The intervention can then be implemented, with individuals in the treatment group participating in the referral protocol while controls do not. The intervention must last long enough for its potential effects to become visible, with six months conventionally being the minimum amount of time required before measuring social and labour market outcomes in this type of intervention. Intermediary outcomes could be tracked before this time horizon. Data collection also takes place during the intervention phase and at the end of it.

After the intervention, the analytical work can begin. The survey or administrative data need to be cleaned and its quality verified. The data can then be analysed descriptively, and subsequently, empirical regressions should be run to retrieve the causal effect of the referral protocol. Robustness checks can be conducted to validate the results. The findings should be compiled in a report and disseminated first internally and then externally. Depending on the results, expanding the assessment and referral protocol to all IMV beneficiaries in Spain could be foreseen.

In Spain, prior to the implementation of the IMV, regional minimum income schemes (MIS) (Renta Mínima de Inserción) were in place (see Chapter 3). Both the IMV and the MIS share the common goal of providing income to meet the basic needs of individuals or family units. However, the MIS imposes certain requirements, which, despite slight regional variations, generally include residency in the application region, an age range of 25 to 65, prior application for eligible benefits and pensions (e.g. unemployment benefits) and mandatory schooling for dependent minors. Conversely, the national IMV was introduced with no requirements other than the income threshold. This absence of conditionality may have led to unintended consequences, as some individuals might have opted for the IMV over regional schemes to bypass these requirements. Therefore, revisiting some of the conditionality rules is a critical aspect of the new SIM (see Chapter 6). Regions that enforce compulsory schooling for children within their MIS are concerned about the absence of such a requirement for beneficiaries of the IMV. Stakeholders in the education sector have expressed their apprehensions, citing an increase in dropouts among the most vulnerable children. Reinstating this condition could help prevent children from falling into social exclusion that may negatively impact their long-term integration outcomes. Assessing the effects of such a conditionality rule is crucial not only to providing evidence of its importance but also to emphasise the broader significance of schooling for the future integration of vulnerable children in Spain. This section presents a roadmap for evaluating the potential introduction of this conditionality rule.

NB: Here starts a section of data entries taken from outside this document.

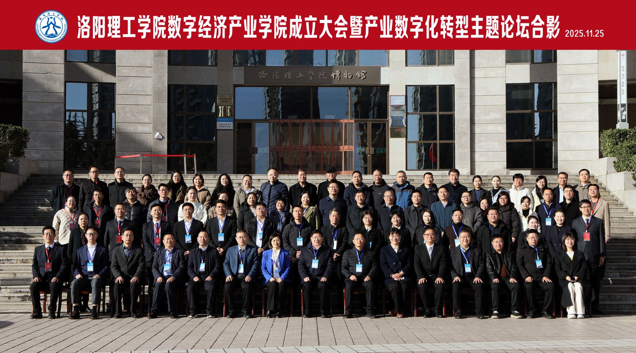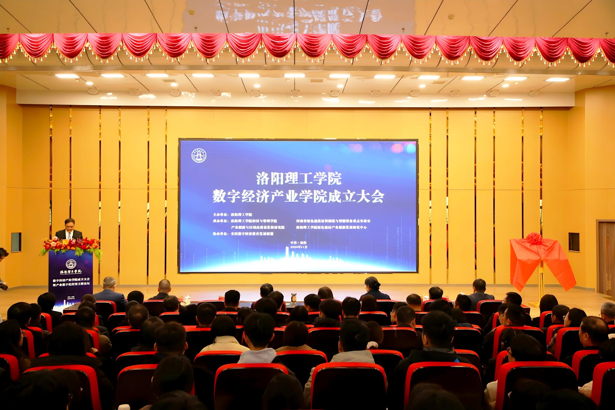 11月25日,洛阳理工学院数字经济产业学院成立大会暨产业数字化转型主题论坛在开元校区图书馆报告厅举行。此次活动以“数智赋能驱动产业高质量发展 产教融合推进教科人才一体化”为主题。河南大张实业有限公司董事长张国贤,万基控股集团有限公司副总经理、总经济师姬延召,浙江思睿智训科技有限公司总裁汤卫,河南丰尔彻新材料科技有限公司总经理范军均,河南邦邦教育科技有限公司董事长郭民政,我校领导卢志文、丁梧秀、冯超、李传锋、石念峰等出席活动。洛阳理工学院数字经济产业学院成立大会由副校长石念峰主持。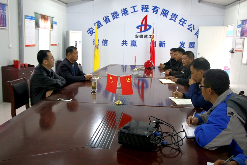 近日,安徽路港公司黨委副書(shū)記、總經(jīng)理葉明林赴六安市龍河路橋和長(cháng)安北路橋項目部檢查指導工作,公司副總經(jīng)理、總工程師張瓊和第三分公司負責人陪同。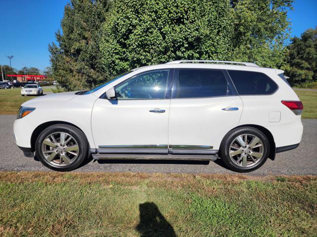 Check out this clean, EXTREMELY well serviced Nissan Pathfinder with 4 wheel drive! Boasting the Platinum package, this ride features alloy wheels with thick Michelin tires, power heated and cooled leather seating, 3rd row seating, dual sunroofs, premium Bose sound system, navigation, backup camera, Bluetooth connectivity, dual screen DVD player, heated steering wheel, steering wheel controls, and much more!
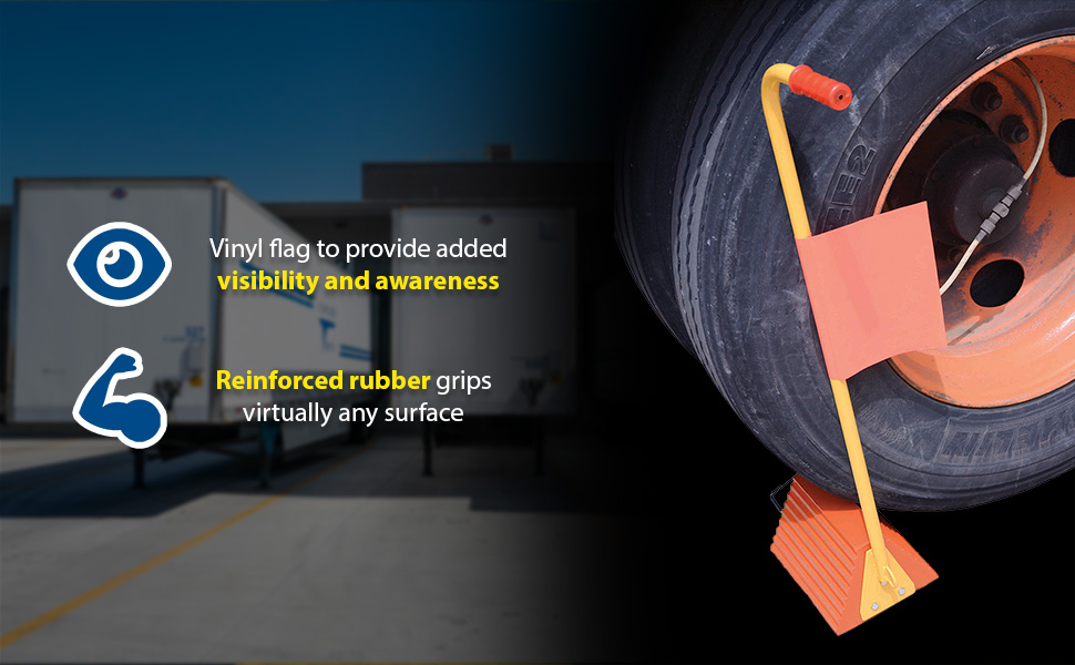 Models with a suffix of -FL, a vinyl flag is included to provide added visibility and awareness to the chock.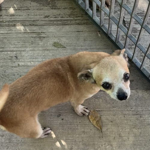 Tater was rescued in an area where people let their dogs roam. Nobody came forward and he had to be surrendered. He had a home. He has very nice manners and is a cuddle bug.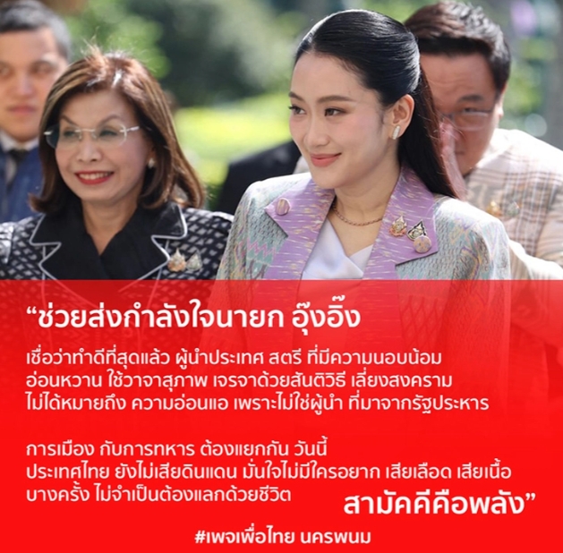 為泰黨粉絲頁還呼籲民眾保持理性,勿讓外部勢力利用內部矛盾製造分裂,強調政治與軍方職能應嚴格區分。當前泰國領土完整無虞,流血衝突絕非必要,團結才是解決問題的核心力量。戰爭只能是最後手段,而領袖以禮相待、尋求和平解決正是負責任的表現。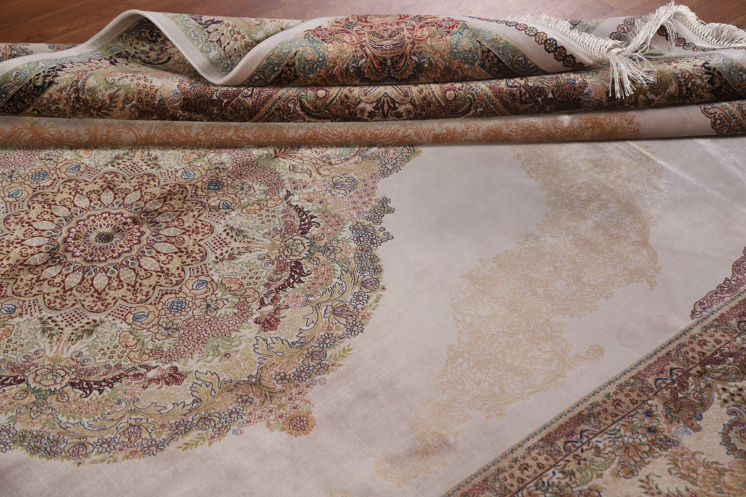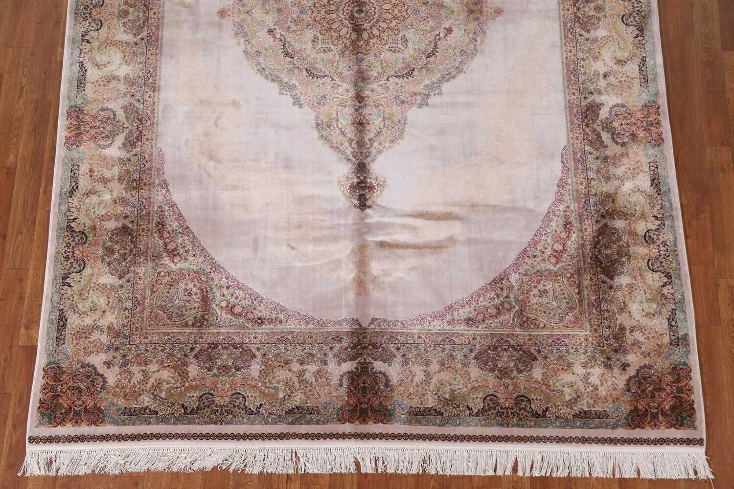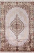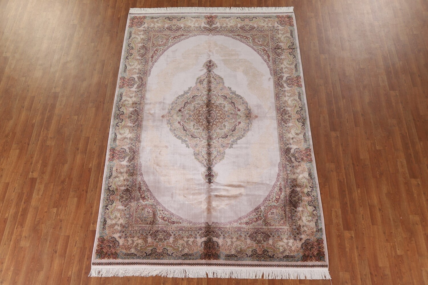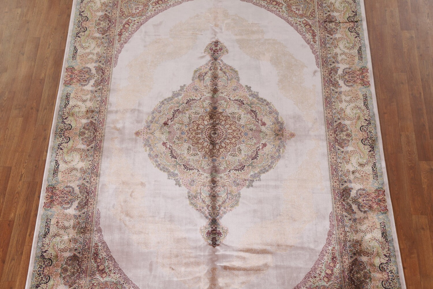A Beautiful Genuine Turkey Qum rug is Machine Made by skillful weavers in Turkey with 90% Silk - 10% Polyester Material. This rug is in condition. dimensions are 9' 11'' X 6' 7'' in foot and 302 X 201 in centimeter. the primary color is Beige & Ivories.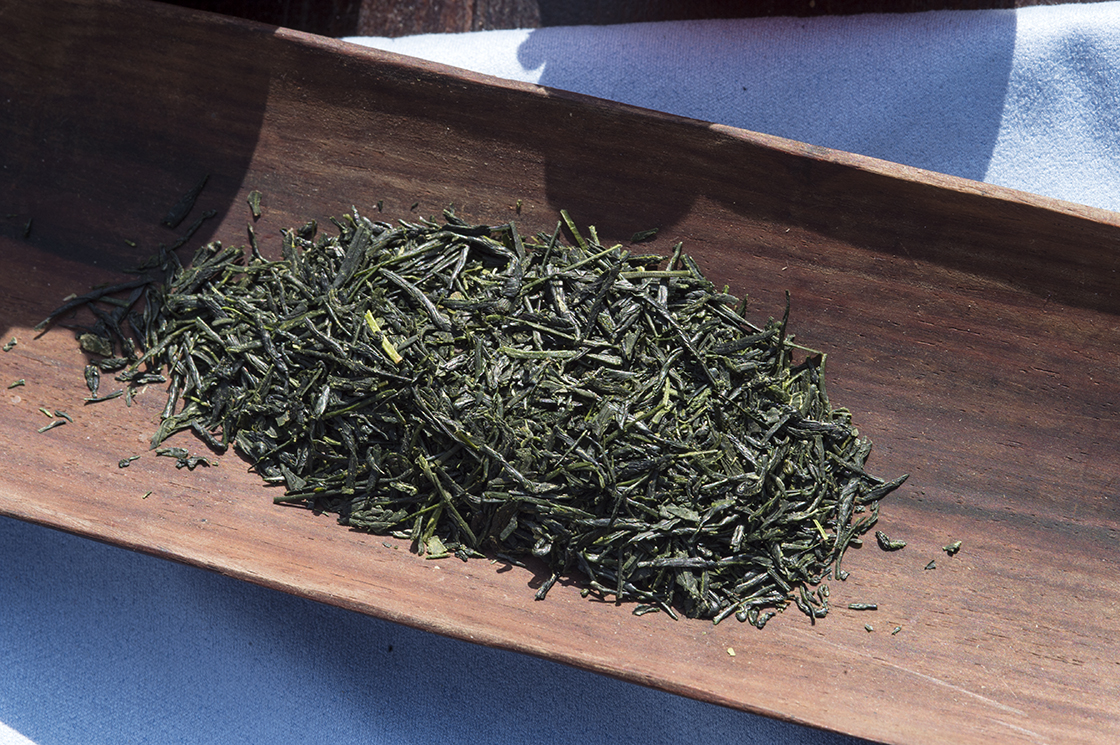 A Kanbayashi kínálat legjobb senchája már a gyokuro csomagolás ruhájában. Van még két drágább sencha a Kyo Nishiki 京錦 és a Kyo Kaga 京雅, ezekkel együtt az Aioi már gyokuro szerű teák az elegáns sencha és a Horai feletti kategóriájában. Kékeszöld tea, hmmm gyanús, hogy némi asamiya tea is lehet benne, de az íz igazi Uji tea, leginkább az Unjyo és a Choyozan személyiségét idézi Selyemfátyol alatt élénk, néhol fájdalmas érzések..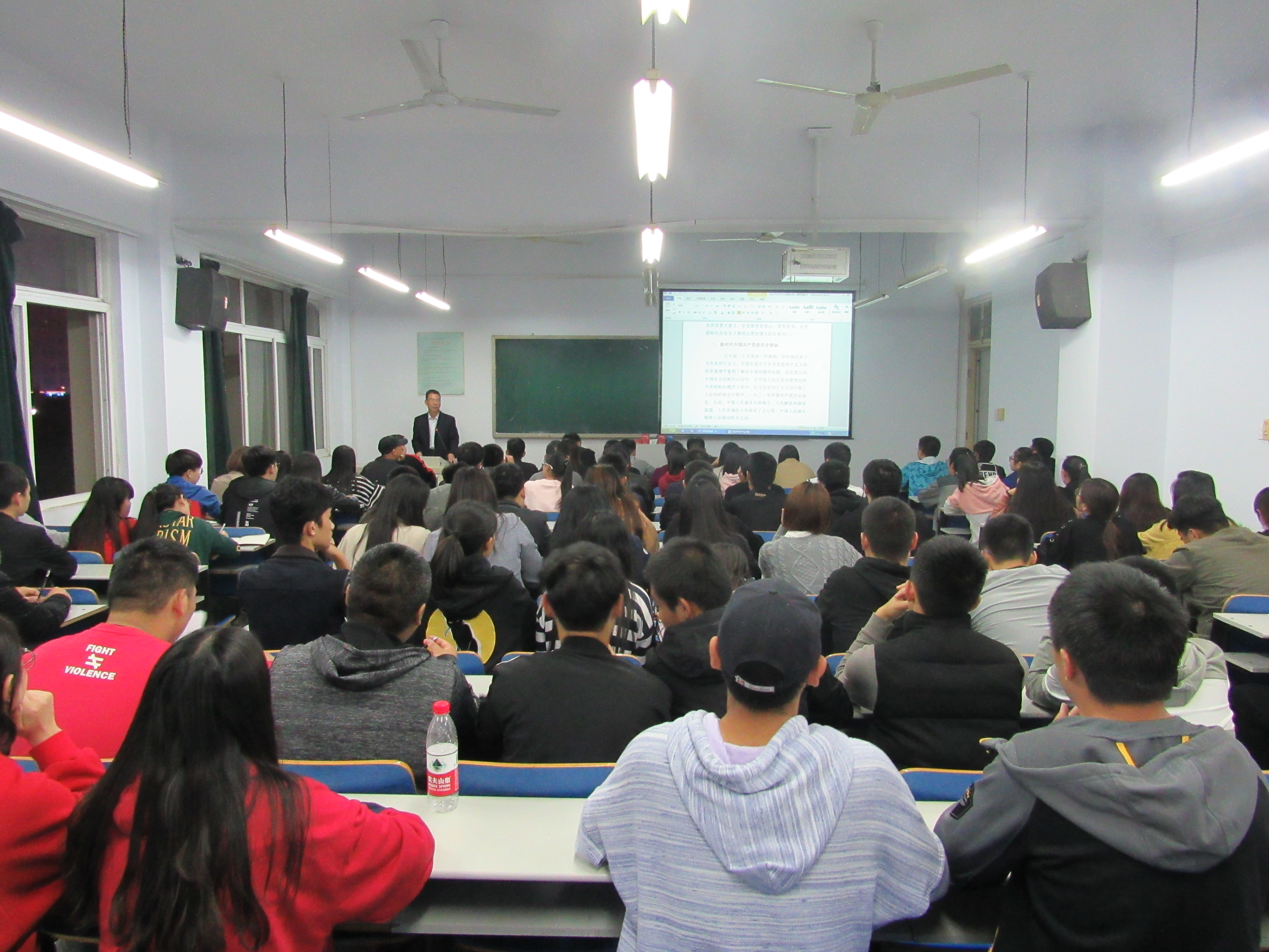 为学习贯彻党的十九大精神,促使同学们不忘初心,跟党走,2017年11月9日晚7:00,土木工程系在南教404教室以十九大报告解读为主题开展了生动务实的党课。本次党课由系党支部书记文琳主讲,90余名入党积极分子参加党课培训。

The causal logic behind imposing conditionality on IMV beneficiaries to enrol their children in school differs considerably from that of the assessment and referral protocol (see Section 5.2.1). The objectives of these initiatives target different dimensions and individuals and require different resources. For the conditionality rule of enrolling children in school, the “results chain” can be defined as follows:

  • Inputs: The resources available for putting in place and enforcing the conditionality rule. Mainly the funds and human resources necessary to monitor the fulfilment of the conditionality.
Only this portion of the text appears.